PMCID: PMC7775176  PMID: 33425221

Abstract

A substantial amount of research is being conducted on zonation markers to identify hepatic injuries and disorders based on the structural and functional zonation of the liver. In contrast to metabolic zonation, hepatocyte ploidy reflects the capability of liver regenerative turnover. Nonetheless, many knowledge gaps remain in the understanding of the links between liver disorders and altered zonation and ploidy, partially owing to the lack of sufficient zonation markers. Under this setting, we recapitulated the currently known and prospective markers used to identify normal and altered liver zonation in different disorders. Furthermore, we discussed new findings from studies that have used advanced methodologies to identify potential markers with greater accuracy. We also elaborated on the perspectives and future applications of zonation research in the early detection of various liver diseases.

1. Introduction

The concept of liver zonation can be traced back to the 1960s when it was first recognized in mice by Neporent and Glicksman [1]. Since that time, zonation has been studied in liver diseases [2]. With a uniform anatomical structure, the liver consists of hexagonal lobules in the form of a honeycomb. At each angle of the lobules, the portal veins, hepatic arterioles, and bile ducts build up the “portal triads,” whereas central veins are located in the center of the lobules (Figure 1). Hepatocytes are arranged in a spongy manner along the porta-central axis, and their biochemical and physiological functions vary. Six to eight periportal hepatocytes (zone 1) are located in the vicinity of afferent periportal zones, while two to three pericentral hepatocytes (zone 3) are adjacent to the efferent pericentral zones. Zone 2, with six to ten hepatocytes, is located in the middle lobules with unclear boundaries between zones 1 and 3 [3]. All these structural characteristics are termed liver zonation [4].

Figure 1.

Figure 1

Diagram of the zonal areas in liver lobules. The liver consists of a regular arrangement of hexagonal lobules. At each angle of the lobules, the portal veins, hepatic arterioles, and bile ducts constitute the “portal triads”, whereas central veins are in the center of the lobules.
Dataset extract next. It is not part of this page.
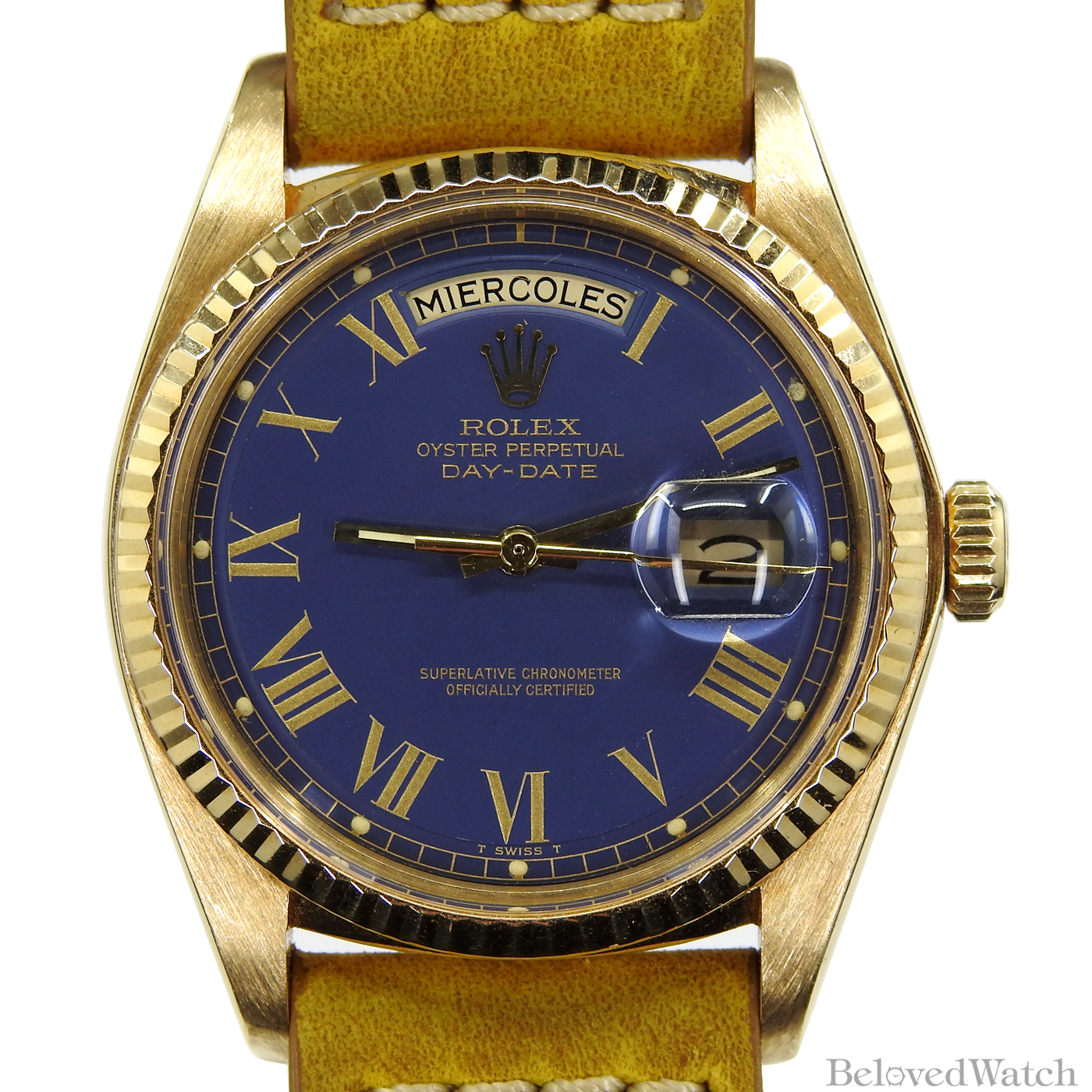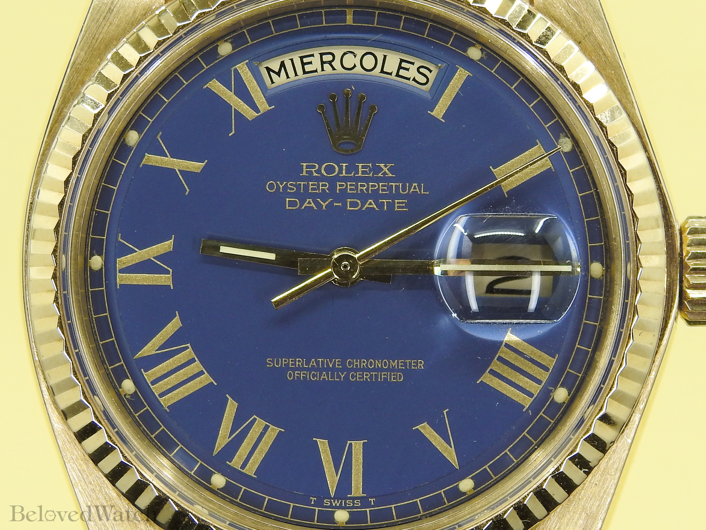 - Blue Buckley dial with refined thin Roman numeral hour markers in mint condition.

Liver spatial heterogeneity is manifested by metabolic zonation, as characterized by the varying expression profiles of metabolic genes from the periportal to the pericentral zones, as well as polyploidy of the hepatocytes [5]. In contrast to the distribution of metabolic zonation, hepatocyte polyploidy reflects the capability of liver regenerative turnover [6]. The diploid Axin2+ hepatocytes were documented to be more likely the progenitors to fuel polyploid hepatocytes in normal physiology and responses to various stresses [6]. However, other reports also argued that after acute injury, hepatocytes proliferated and regenerated the liver in all regions, in which limited contribution was observed from Axin2+ hepatocytes [7]. Moreover, in chronic liver diseases, hepatocyte proliferation was impaired, and instead, the cholangiocytes, located in bile ducts, played a vital role in substituting hepatocytes [8]. In the severely damaged liver, the cholangiocytes were thought to be one of the sources of hepatic progenitor cells, which bore the ability to differentiate into hepatocytes [9, 10]. Previous findings suggested that hepatocytes with different ploidy could be used to distinguish the different zones of the liver. In rodent liver, hepatocytes are diploid with two haploid chromosome sets (2c) at birth, while in adults, most hepatocytes are polyploid, tetraploid (4c), octoploid (8c), or even contain more haploid chromosome sets (e.g., 16c). Nonetheless, the spatial distribution of diploidy and overall polyploidy is still warranted to be studied. Some studies demonstrated that hepatocytes around pericentral zones are diploid, differing from polyploid hepatocytes around the periportal zones [6]. However, there are still some conflicting reports on this aspect, as multinucleated hepatocytes are found next to the pericentral zones [11]. In addition, some studies have argued that 4c and 8c polyploid hepatocytes accumulate in the midlobule zone, rather than in the periportal and pericentral zones (Figure 2) [12]. These inconsistent findings challenge the feasibility of ploidy as a zonation reference.

Figure 2.

Figure 2

Differential distribution profiles of the hepatocyte ploidy. Although a large number of studies have been performed to shed light on the distribution of hepatocyte ploidy, there are still remarkable controversies to date. Some studies demonstrate that the hepatocytes around the pericentral regions are diploid, different from the polyploid hepatocytes around the periportal regions (red line). However, other reports suggest that multinucleated hepatocytes are adjacent to the pericentral regions (blue line). In the meantime, it has been argued that 4c and 8c polyploid hepatocytes localize in the midzone, rather than in the periportal and pericentral regions (green line).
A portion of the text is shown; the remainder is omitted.